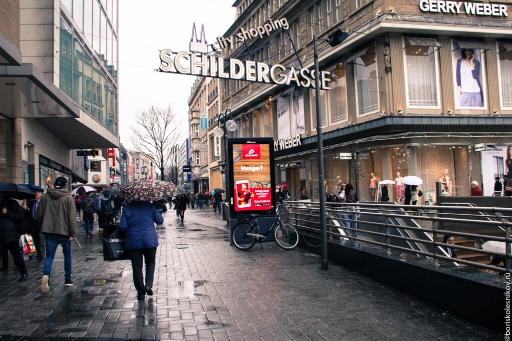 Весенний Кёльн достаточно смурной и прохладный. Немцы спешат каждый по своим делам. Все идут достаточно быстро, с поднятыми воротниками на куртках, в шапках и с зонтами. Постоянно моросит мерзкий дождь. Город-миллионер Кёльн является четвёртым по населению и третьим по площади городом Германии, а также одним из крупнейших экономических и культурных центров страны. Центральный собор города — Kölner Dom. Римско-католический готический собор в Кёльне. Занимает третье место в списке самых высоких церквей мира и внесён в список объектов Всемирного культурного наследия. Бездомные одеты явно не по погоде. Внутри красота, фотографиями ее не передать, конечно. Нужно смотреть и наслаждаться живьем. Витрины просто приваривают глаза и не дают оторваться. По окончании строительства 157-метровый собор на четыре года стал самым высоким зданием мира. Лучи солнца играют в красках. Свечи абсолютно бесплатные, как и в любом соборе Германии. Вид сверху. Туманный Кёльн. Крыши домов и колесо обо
—————
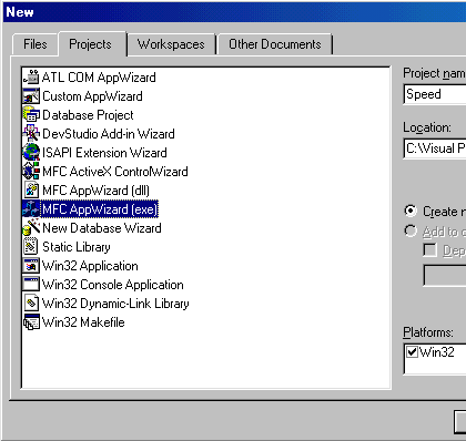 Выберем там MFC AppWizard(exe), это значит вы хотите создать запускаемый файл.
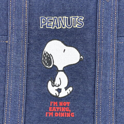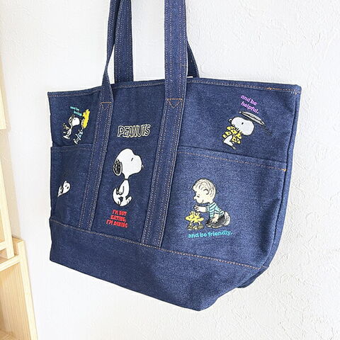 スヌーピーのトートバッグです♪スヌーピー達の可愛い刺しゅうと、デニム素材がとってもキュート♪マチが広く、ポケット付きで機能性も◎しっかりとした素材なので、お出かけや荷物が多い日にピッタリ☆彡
—————
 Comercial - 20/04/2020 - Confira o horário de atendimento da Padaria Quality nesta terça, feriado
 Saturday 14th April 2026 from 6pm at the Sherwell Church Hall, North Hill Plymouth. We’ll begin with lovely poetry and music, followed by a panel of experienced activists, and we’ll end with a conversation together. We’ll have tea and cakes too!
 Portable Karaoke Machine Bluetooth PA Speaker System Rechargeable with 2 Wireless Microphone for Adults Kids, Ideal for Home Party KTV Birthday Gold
—————
Each line of the entries holding the string "with" should be found and copied.

 Saturday 14th April 2026 from 6pm at the Sherwell Church Hall, North Hill Plymouth. We’ll begin with lovely poetry and music, followed by a panel of experienced activists, and we’ll end with a conversation together. We’ll have tea and cakes too!
 Portable Karaoke Machine Bluetooth PA Speaker System Rechargeable with 2 Wireless Microphone for Adults Kids, Ideal for Home Party KTV Birthday Gold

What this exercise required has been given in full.